Still, it is amazing, at the same time, that many of the members of these cliques in the Arab world harbour grave suspicions that the new global drive against terrorism has, as one of its aims, “the completion of the conspiracy” to dismantle the Arab nation state or, at least, to undermine the prestige of that state. On top of this there is also the deeper and more widespread belief that one of the aims of the new war is to “recall” the forces of moderate Islam — i.e., the Muslim Brotherhood — to assume the reins of government in Arab countries under various guises. After all, that was a consequence of the first round in the war against terrorism. Doubts and suspicions prevail at all levels, from the ordinary Arab individual to the forces that have long controlled governments and power in the Arab world.
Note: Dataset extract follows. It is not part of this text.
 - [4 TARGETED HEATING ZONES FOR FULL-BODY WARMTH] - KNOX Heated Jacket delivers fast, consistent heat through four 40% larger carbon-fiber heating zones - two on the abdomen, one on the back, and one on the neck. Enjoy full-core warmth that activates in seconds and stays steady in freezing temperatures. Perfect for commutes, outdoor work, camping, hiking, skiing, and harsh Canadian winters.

No sane person in the Arab world expects President Obama to unveil any of the details of the new political map for the Middle East that might be the expected or hoped for as a result of a new and protracted war in the region. At the same time, no sane person in the region can feel assured that the Middle East in general is not headed for fundamental changes. Obama and his aides may have no particular form or map in mind for the new Middle East, although he would not find it difficult to come up with one among his papers if he wanted.
Most Arab rulers, or those who remain, might not imagine that anything essential in their countries or their region will change. In all events, they, along with the vast majority of Arab intellectuals and experts on international and regional relations, have yet to dedicate the necessary time and effort to thinking about the shape of the future of their countries and the region in general.
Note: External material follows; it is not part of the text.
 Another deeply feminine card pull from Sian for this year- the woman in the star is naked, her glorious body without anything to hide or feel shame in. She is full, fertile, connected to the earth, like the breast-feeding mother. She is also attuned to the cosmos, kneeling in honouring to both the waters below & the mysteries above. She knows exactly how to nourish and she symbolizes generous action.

The beginnings are not reassuring. When the Arabs decide, in advance and before seeing the details of Obama's plan for a new phase in the global war against terrorism, to support everything that emerges from the Security Council and from the NATO summit, it is very hard to feel assured that Arab officials have thought, or charged people with the task of thinking, about presenting “Arab proposals” on the future of their region and states so that these could be included in Obama's plan.
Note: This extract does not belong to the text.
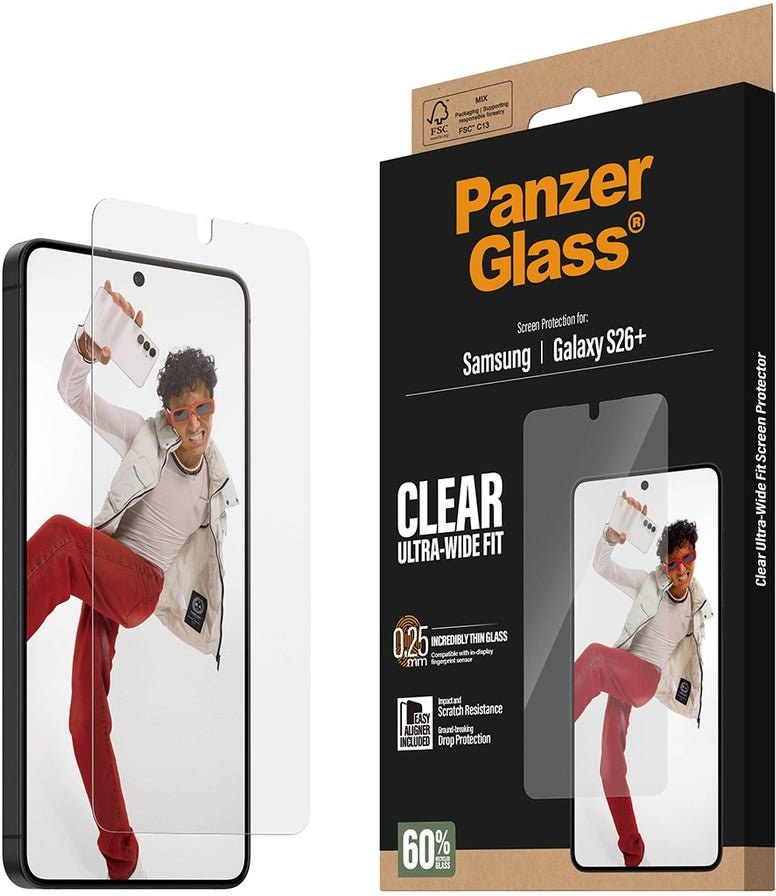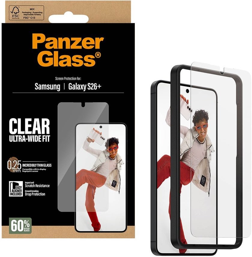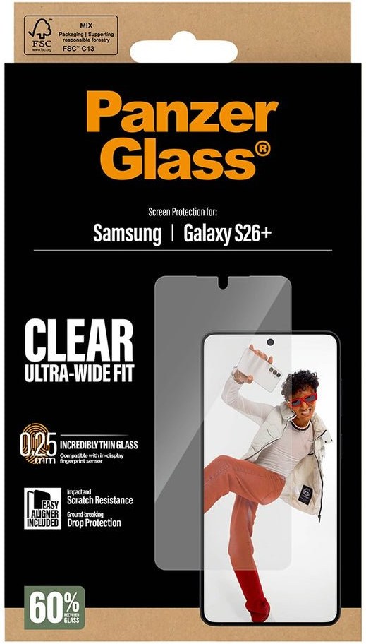 Sklo PanzerGlass™ pre Samsung Galaxy S26+ má precízne navrhnutú veľkosť Ultra-Wide Fit, vďaka ktorej dokonale prekrýva celú prednú stranu zariadenia až po okraj. Zároveň však necháva malý priestor na hranách, takže je plne kompatibilné s puzdrami a obalmi.

They, like others, are falling into a repetition of the experience of the first round in the war against terrorism, when they participated to their greatest ability in the coalition of the willing without having laid the foundations that would guarantee the stability of their governments when the war was over. Thus, after the war ended, most Arab regimes found themselves exposed to the winds of the Arab Spring.
Most of them are aware that they are no longer what they were 10 or 20 years ago. But none of them have the experience or know-how from their relations with the US to “imagine” what they, their countries and the Arab and Islamic region as a whole will be like at the end of a new phase in the global war against terrorism.
The writer is a political analyst and director of the Arab Centre for Development and Futuristic Research.